The PASC27 Conference

June 28 to 30, 2027Palazzo dei Congressi, Lugano, Switzerland

About the Conference

The PASC27 Conference

The Platform for Advanced Scientific Computing (PASC) Conference, co-sponsored by the Association for Computing Machinery (ACM) and the Swiss National Supercomputing Centre (CSCS), will be held from June 28 to June 30, 2027, at Palazzo dei Congressi, Lugano, Switzerland.

PASC26 Theme

Accelerating Scientific Computing through AI-HPC Convergence: Open Challenges

Scientific computing has entered a new era in which AI systems, large-scale simulations, experimental data, and HPC infrastructures cooperate as integrated discovery engines.

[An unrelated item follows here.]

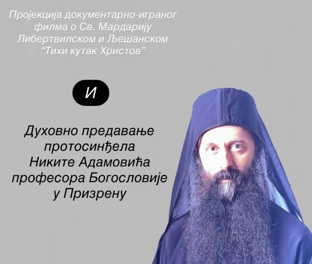 Nakon projekcije, prisutnima će se obratiti protosinđel Nikita Adamović, profesor Bogoslovije u Prizrenu, koji će održati duhovno predavanje. Organizatori ističu da je cilj sabranja da vernicima donese duhovnu korist, radost i uzrastanje tokom Velike četrdesetnice.

Although the convergence of AI and HPC is creating unprecedented opportunities across scientific domains, this requires addressing significant scientific and technical challenges. PASC27 will explore how the convergence of AI and HPC can accelerate scientific discovery while preserving scientific rigor, reproducibility, transparency, trustworthiness, scalability, and co-design principles for future scientific workflows.

Conference Chairs

Cristina Silvano

Politecnico di Milano, Italy

Cristina Silvano is Full Professor of Computer Architecture at Politecnico di Milano and Chair of the Computer Science and Engineering research area. In 2022, she promoted the M.Sc. program in HPC Engineering at Politecnico di Milano. She was named IEEE Fellow in 2017 for her contributions to energy-efficient computer architectures. She has served as Scientific Coordinator of three European research projects: ANTAREX, 2PARMA, and MULTICUBE. Her research interests include computer architecture and electronic design automation, with a focus on design space exploration for energy-efficient deep neural network accelerators and autotuning techniques for HPC applications.

Erik Draeger

Lawrence Livermore National Laboratory, US

Dr. Erik Draeger is the Director of the High Performance Computing Innovation Center at Lawrence Livermore National Laboratory as well as the Scientific Computing group leader at the Center for Applied Scientific Computing.  He currently serves as the LLNL representative on the Alliance Strategy Team for NNSA’s Predictive Science Academic Alliance Program.  Erik has over two decades of experience developing scientific applications to achieve maximum scalability and time to solution on next-generation architectures. He has been a finalist for the Gordon Bell Prize six times since 2005 and won the prize in 2006.